The announcement of Bingham’s idea caused a sensation. The prominent novelist (The Great God Success) and journalist David Graham Phillips had become famous for uncovering a Senate corruption scandal. Now Phillips sensed another abuse of power in the offing and wrote to the Times in a fury. “Thanks to the carelessness of New Yorkers about decent government,” he declared, “our present police force is to a great extent an instrument of blackmail and oppression. A secret police force would be even worse.” The Black Hand was evil, he conceded, but a secret service would be a danger to democracy. “I see no politics, no ‘grave menace to free institutions’ in the doings of ignorant, crazed creatures, issuing from dingy top rooms to run amuck with dynamite. It seems hysteria to me to take them so seriously, to call homicidal mania political propaganda.”
William Randolph Hearst agreed. His Evening Journal dissected the proposal with a sharp knife. “If Mr. Bingham uses his police force at his discretion,” the paper warned in an editorial, “what is to prevent him tomorrow from taking money from Mr. Rockefeller to investigate another class of citizens—labor union men, or recalcitrant legislators, or any others?” The cure, Hearst believed, was worse than the illness.
The argument raged as far away as Nashville, where a local paper took Bingham’s side. “The fact [is],” the editors wrote,
that every New York detective is more truly a public character than the Mayor is. Let a “plainclothes man” sally forth and patrolmen will nod to him, street car conductors will ask no fare, bellboys will pick him out, janitors will make a sign, bootblacks will look eagerly about for his quarry, politicians will wing patronizingly, barbers will stop in the midst of a shampoo, pawnbrokers will get anxious, second story men
will duck into the nearest saloon, and the cronies of all of these will note his passage with silent wonder as to what’s up.

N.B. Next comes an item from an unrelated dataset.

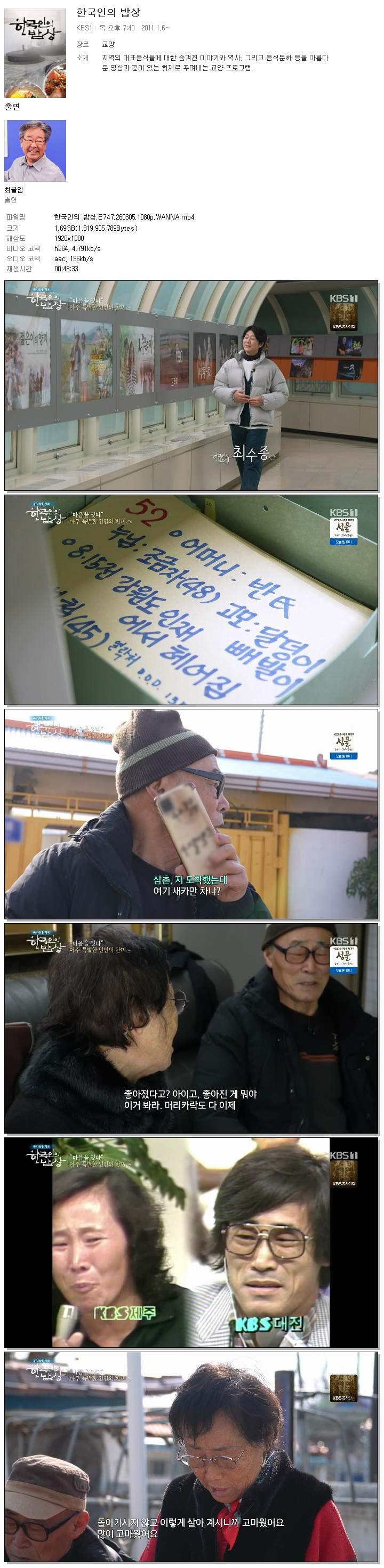 | [KBS1] 한국인의 밥상.E747.260305.1080p.WANNA.mp4 | 1.7 G | 00:48:33 | 1920x1080 |

In other words, Petrosino and his men had become too famous to do their jobs.
That Bingham’s remarkable suggestion—a secret police force in the largest American city, answerable to only one man—was seriously considered by Manhattanites speaks to the depth of their anxiety. The proposal was the direct result of the failed war on the Black Hand. By now the Society often seemed indifferent to the police. When the famous tiger hunter and prohibition activist C. D. Searcy received a series of letters in the winter of 1908, one of them advised him to “go kiss yourself goodbye, for we are several hundred strong.” This was followed by a taunt: “Now go ahead to your detectives, who are the only friends you got, and see if they can help you. Yes, they can help you get your lights put out.”
Bingham’s idea received generally good press. But he knew he was facing a battle with the Sullivans and their aldermen. Soon after his announcement, the board called the commissioner in to testify before a special committee. When the session opened, members immediately attacked Petrosino and his men, accusing them of outlandish acts of brutality. Bingham grabbed his cane and levered himself up to direct a blast at Little Tim. “I am the Police Commissioner,” he shouted. “I am responsible for everything my men do . . . Petrosino is one of our best detectives. With a handful of men he has to keep thousands of Italian criminals in line. Of course he has to use his hands now and then, but we ought to let him alone.”